◆ **MATERIAL PROVIDED**:
BEGIN
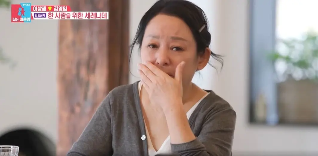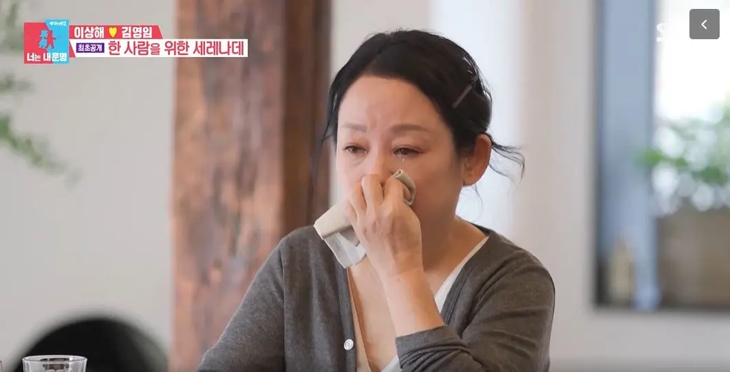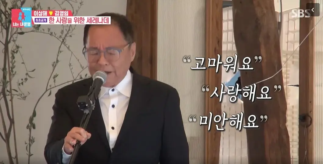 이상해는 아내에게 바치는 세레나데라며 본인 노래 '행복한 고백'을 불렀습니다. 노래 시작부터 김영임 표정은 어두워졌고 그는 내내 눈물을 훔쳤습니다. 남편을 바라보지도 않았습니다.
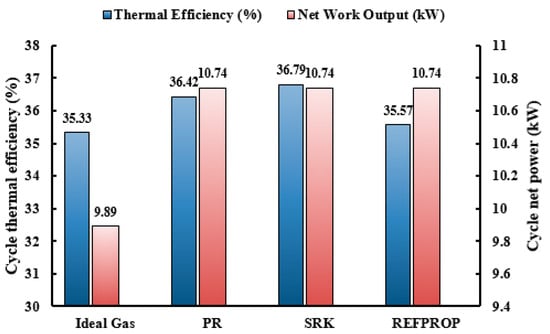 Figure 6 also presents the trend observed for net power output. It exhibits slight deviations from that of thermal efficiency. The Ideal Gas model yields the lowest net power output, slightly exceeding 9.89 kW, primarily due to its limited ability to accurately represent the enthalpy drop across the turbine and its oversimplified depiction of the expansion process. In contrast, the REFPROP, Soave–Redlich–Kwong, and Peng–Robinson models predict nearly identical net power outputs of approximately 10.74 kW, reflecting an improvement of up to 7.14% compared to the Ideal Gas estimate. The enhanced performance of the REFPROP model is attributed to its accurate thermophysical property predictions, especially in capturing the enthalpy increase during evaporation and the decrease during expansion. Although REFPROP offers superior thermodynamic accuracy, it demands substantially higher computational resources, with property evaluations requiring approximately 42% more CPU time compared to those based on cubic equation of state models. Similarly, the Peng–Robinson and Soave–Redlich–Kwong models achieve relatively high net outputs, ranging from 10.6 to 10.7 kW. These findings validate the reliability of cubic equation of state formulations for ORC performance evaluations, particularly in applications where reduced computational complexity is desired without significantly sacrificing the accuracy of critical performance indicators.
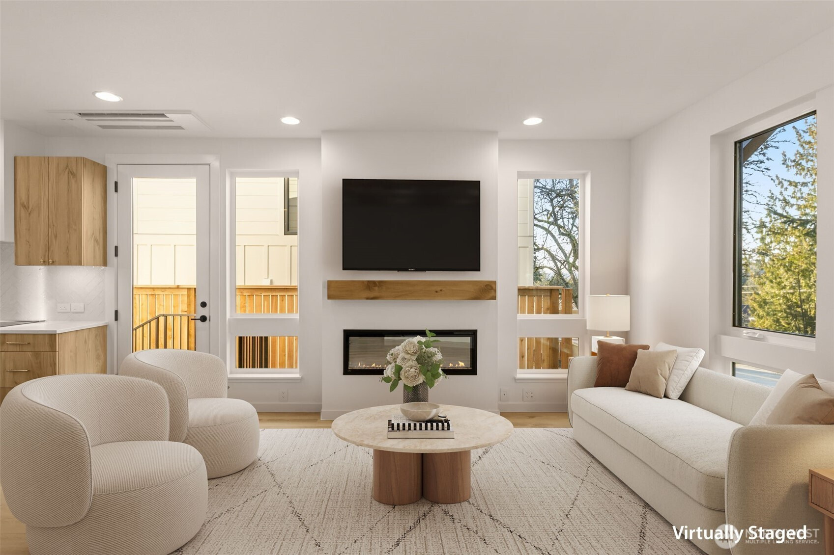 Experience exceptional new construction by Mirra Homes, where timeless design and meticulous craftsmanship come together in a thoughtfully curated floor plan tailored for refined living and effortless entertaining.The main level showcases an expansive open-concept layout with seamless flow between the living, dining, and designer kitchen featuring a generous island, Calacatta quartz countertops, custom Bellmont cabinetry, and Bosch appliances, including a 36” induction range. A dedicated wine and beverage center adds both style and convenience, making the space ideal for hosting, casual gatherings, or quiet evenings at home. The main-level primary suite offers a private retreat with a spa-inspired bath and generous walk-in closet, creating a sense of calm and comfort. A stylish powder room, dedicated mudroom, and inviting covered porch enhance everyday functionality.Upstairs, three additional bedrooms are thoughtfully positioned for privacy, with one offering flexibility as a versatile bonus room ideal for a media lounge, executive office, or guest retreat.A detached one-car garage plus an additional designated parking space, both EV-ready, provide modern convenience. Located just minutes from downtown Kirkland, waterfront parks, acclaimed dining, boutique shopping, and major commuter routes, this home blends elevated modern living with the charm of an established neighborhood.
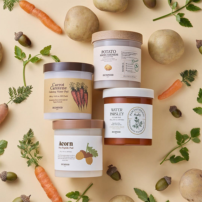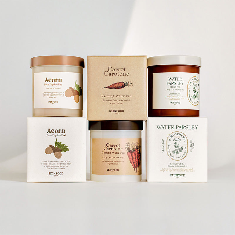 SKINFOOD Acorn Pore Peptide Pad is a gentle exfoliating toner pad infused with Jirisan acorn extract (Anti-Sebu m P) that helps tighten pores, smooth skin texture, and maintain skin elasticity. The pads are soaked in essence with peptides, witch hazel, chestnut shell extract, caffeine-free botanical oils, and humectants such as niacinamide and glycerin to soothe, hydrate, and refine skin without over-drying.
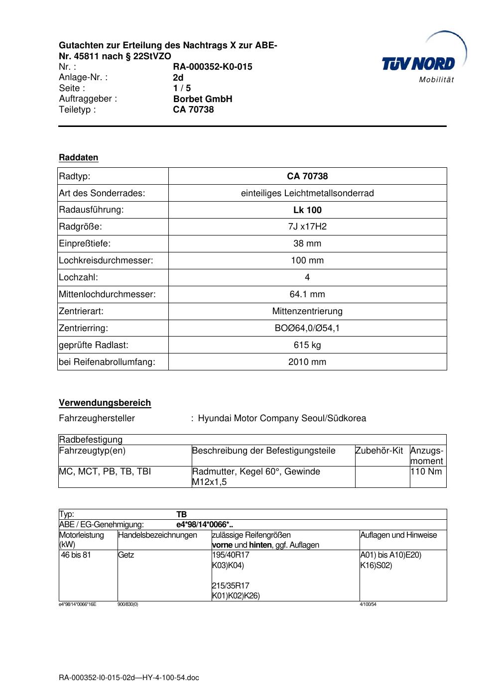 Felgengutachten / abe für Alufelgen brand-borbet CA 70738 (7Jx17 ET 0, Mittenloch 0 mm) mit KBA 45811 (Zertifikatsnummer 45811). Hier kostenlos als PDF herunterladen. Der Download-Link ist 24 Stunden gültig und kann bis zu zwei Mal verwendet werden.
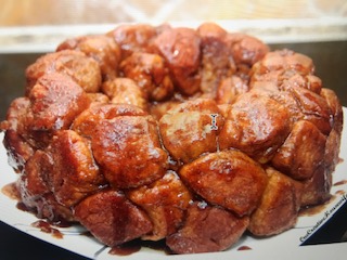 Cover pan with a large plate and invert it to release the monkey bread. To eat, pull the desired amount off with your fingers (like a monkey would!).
END
BEGIN
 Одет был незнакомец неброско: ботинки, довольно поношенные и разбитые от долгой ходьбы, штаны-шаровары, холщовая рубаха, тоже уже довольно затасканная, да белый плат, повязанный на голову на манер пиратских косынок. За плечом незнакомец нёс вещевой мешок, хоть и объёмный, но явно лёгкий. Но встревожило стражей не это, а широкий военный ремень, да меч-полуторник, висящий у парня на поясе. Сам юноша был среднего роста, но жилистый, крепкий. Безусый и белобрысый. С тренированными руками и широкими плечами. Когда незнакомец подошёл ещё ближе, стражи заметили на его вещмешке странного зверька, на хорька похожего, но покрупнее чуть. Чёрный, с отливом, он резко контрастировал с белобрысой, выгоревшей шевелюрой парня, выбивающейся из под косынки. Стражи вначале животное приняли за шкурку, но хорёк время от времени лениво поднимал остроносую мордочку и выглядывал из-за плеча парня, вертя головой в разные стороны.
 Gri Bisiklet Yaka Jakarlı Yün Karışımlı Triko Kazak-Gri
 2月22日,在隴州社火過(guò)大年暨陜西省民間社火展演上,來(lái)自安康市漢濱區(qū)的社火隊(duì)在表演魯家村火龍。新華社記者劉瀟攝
END
BEGIN
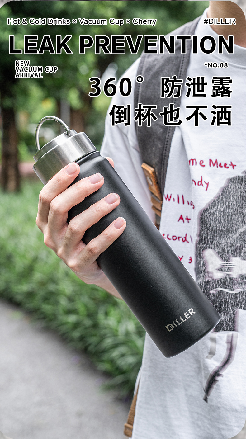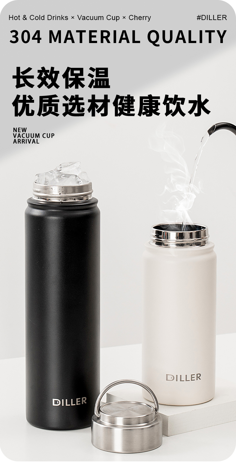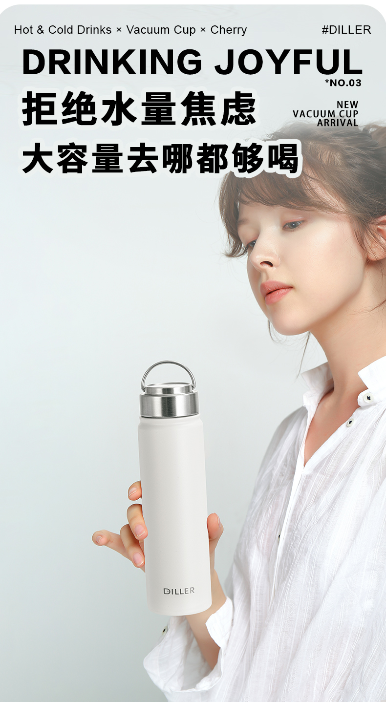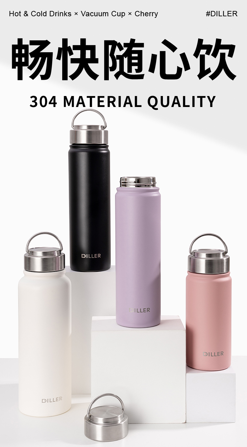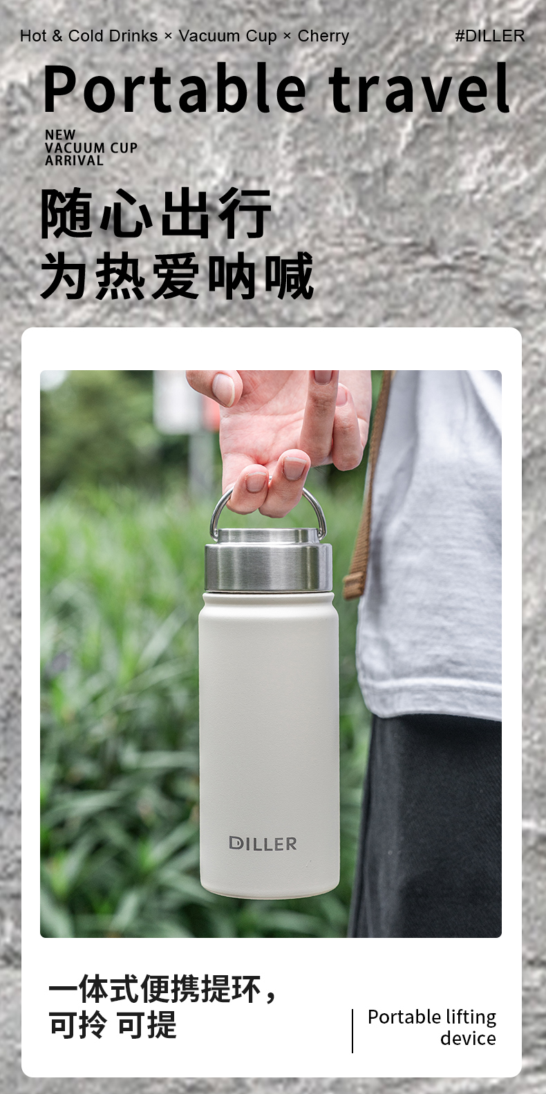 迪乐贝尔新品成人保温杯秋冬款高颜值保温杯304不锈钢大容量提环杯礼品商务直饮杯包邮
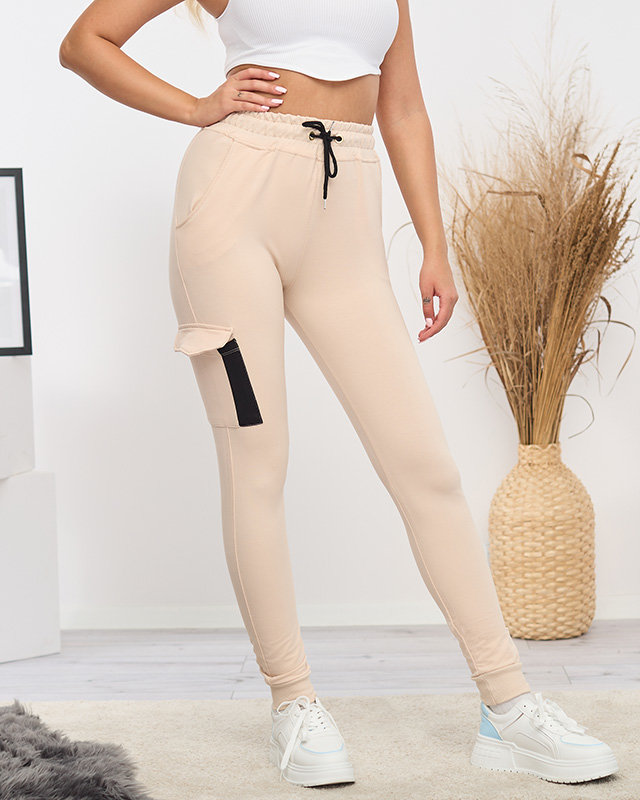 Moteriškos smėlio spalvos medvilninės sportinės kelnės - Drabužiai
END
◆ **TASK DETAILS**: Both the line containing "Felgengutachten / abe" and the line containing "Cover pan with" above belong in the output, as do the lines between them. Print them exactly, without pictures.

◆ **WRITTEN REPLY**:
 Felgengutachten / abe für Alufelgen brand-borbet CA 70738 (7Jx17 ET 0, Mittenloch 0 mm) mit KBA 45811 (Zertifikatsnummer 45811). Hier kostenlos als PDF herunterladen. Der Download-Link ist 24 Stunden gültig und kann bis zu zwei Mal verwendet werden.
 Cover pan with a large plate and invert it to release the monkey bread. To eat, pull the desired amount off with your fingers (like a monkey would!).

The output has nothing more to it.